What is needed:
Going down the listing below, print exactly each line from the one with "意見交換会では支部の現状を共有" up to and including the one with "U-02 花吹雪 庭師用 B 型 全長 218mm/重量 210g 青紙鋼", and skip the rest.

Provided entries:
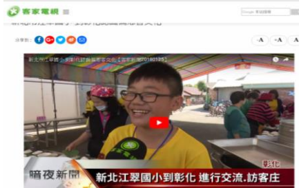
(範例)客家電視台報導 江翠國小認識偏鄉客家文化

* * *

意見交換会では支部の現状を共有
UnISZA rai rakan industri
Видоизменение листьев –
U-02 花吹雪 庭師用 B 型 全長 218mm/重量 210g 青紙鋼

--

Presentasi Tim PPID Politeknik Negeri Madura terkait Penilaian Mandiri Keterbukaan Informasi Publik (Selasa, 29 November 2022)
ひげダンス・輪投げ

Task result:
意見交換会では支部の現状を共有
UnISZA rai rakan industri
Видоизменение листьев –
U-02 花吹雪 庭師用 B 型 全長 218mm/重量 210g 青紙鋼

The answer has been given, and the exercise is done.